Vor den Gefahren bei der Arbeit im Wald w arnt (von links) Anton Zizler, hier mit dem Illschwanger Bürgermeister Dieter Dehling und dem WBV-Vorsitzenden Hans Schmid. Bild: sis
von Autor SISProfil

Die Waldbauernvereinigung Illschwang-Birgland ist eine der kleinsten Vereinigungen in der Oberpfalz, sagte der Geschäftsführer Reinhard Rösel bei der Jahreshauptversammlung im Landhotel Nägerl. Sie hat 372 Mitglieder, denen 4530 Hektar Wald gehören.

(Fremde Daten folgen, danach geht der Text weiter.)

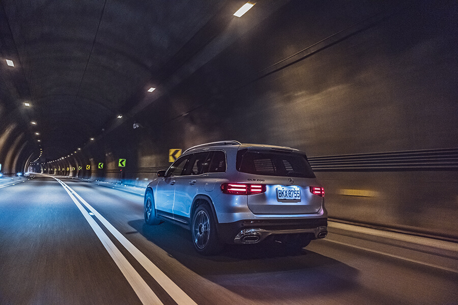 改款後的 GLB 在動力部分加入了 48V 輕油電系統,這套系統我輩已有多次的接觸經驗,相比搭配在大排氣量多缸車型上,我也發現這套輕油電系統在小排氣量四缸引擎上的輔助效果更加優異。除了在停等、滑行優先關閉引擎維持車輛電力達到經濟性與維持舒適車艙居住感,我認為最棒的進步就在於馬達的助推能力徹底補強低速扭力反應與消除變速箱的頓挫,讓 GLB 200 變得擁有非常順暢的動力反應,特別是馬達在起步提供的加速扭力,讓這具 1.3 升四缸渦輪引擎可在它擅長的工作領域徹底發揮,這樣油電並行合作的調整下,反倒開起來很有標準 2.0~2.4 升自然進氣引擎的協調與順暢感,呼應它擁有達 27.5 公斤米的扭力輸出,而且具備原廠以 WLTP 規範測試下取得 7.6-6.9 l/ 100km 的平均油耗表現,在 TG 慣常的北台灣破百公里試車路線裡, GLB 200 確實給我一種韌性十足的動力表現。

Der Referent des Nachmittags, Anton Zizler, informierte die Mitglieder darüber, Gefahrensituationen bei der Waldarbeit zu erkennen und richtig darauf zu reagieren. Als Präventionsberater der Berufsgenossenschaft in den Regierungsbezirken Niederbayern, Oberpfalz und Schwaben griff er anhand von Unfallberichten mit einer Prise Humor Fragen auf, die sich jeder Waldbauer stellen sollte: "Bin ich geeignet für die Waldarbeit? Habe ich das richtige Wissen und Können für diese Arbeit? Habe ich die richtige Ausstattung? Und wenn ja, beherrsche ich diese Technik?"

Aufmerksamkeit schaffen

All diese Fragen spielten sich im Kopf ab, erklärte der Referent. Sein Augenmerk lege er darauf, Aufmerksamkeit zu schaffen, damit nicht noch mehr Todesfälle bei der Waldarbeit geschehen. 2017 seien in seinem Bezirk 25 Tote zu beklagen gewesen. Und bis Anfang März 2018 seien bereits schon wieder vier Menschen im Wald zu Tode gekommen.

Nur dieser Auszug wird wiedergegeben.